Conference: ACL 2026
arXiv: 2512.07761
Code: GitHub
Area: AI Safety / LLM Reasoning
Keywords: Multi-turn Jailbreak Attack, Trajectory-Level Optimization, Process Rewards, Reinforcement Learning, Red Teaming

TL;DR

This paper models automated multi-turn jailbreak attacks as a multi-turn reinforcement learning problem and proposes TROJail. By utilizing two heuristic process rewards (over-harm penalization and semantic relevance progression), it alleviates the sparse supervision issue inherent in outcome rewards, significantly improving attack success rates across multiple models and benchmarks.

Background & Motivation

Background: LLMs face safety threats from jailbreak attacks.
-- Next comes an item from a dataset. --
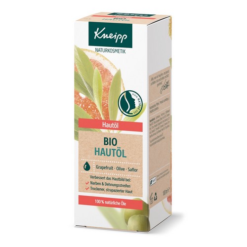 Verbessert das Hautbild bei: Narben, Dehnungsstreifen (z.B. Schwangerschaftsstreifen), reifer Haut, trockener, strapazierter Haut Das Kneipp® Bio Hautöl ist eine intensiv regenerierende Spezialpfl ege bei Narben und Dehnungsstreifen. Durch die wertvollen Öle wird das Hautbild verbessert und reife sowie trockene und strapazierte Haut reichhaltig versorgt. Wertvolles Grapefruitöl regt den Hautstoffwechsel an und unterstützt damit die natürliche Regeneration und Erneuerung der Haut. Safloröl und Olivenöl aus biologischem Anbau sind reich an ungesättigten Fettsäuren. Sie schützen die Haut vor Feuchtigkeitsverlust und versorgen sie mit essentiellen Nährstoffen, die ihr eine seidige Glätte verleihen.
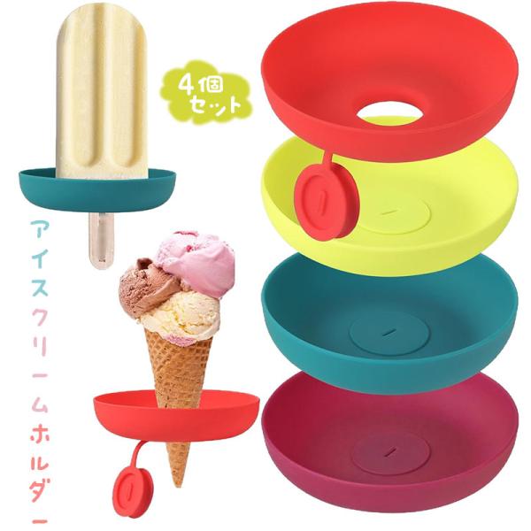 【4個セット】子供用アイスキャンディーホルダー 再利用可能 垂れない シリコン製アイスクリームホルダー お子様の誕生日や夏のパーティーに最適

Multi-turn jailbreak attacks have gained attention as they reflect real-world interaction scenarios. Existing training-based methods use DPO or rejection sampling fine-tuning to optimize the attacker LLM independently at each turn.

Limitations of Prior Work: (1) Turn-wise optimization is short-sighted—it maximizes the immediate harmfulness of each response but fails to learn long-term attack strategies across turns; (2) Early prompts that appear harmless but are strategically crucial are undervalued because they do not trigger immediate harmful responses; (3) Tuning-free methods rely on manually designed strategies, require extensive trials, and are prone to failure when the victim model deviates from expectations.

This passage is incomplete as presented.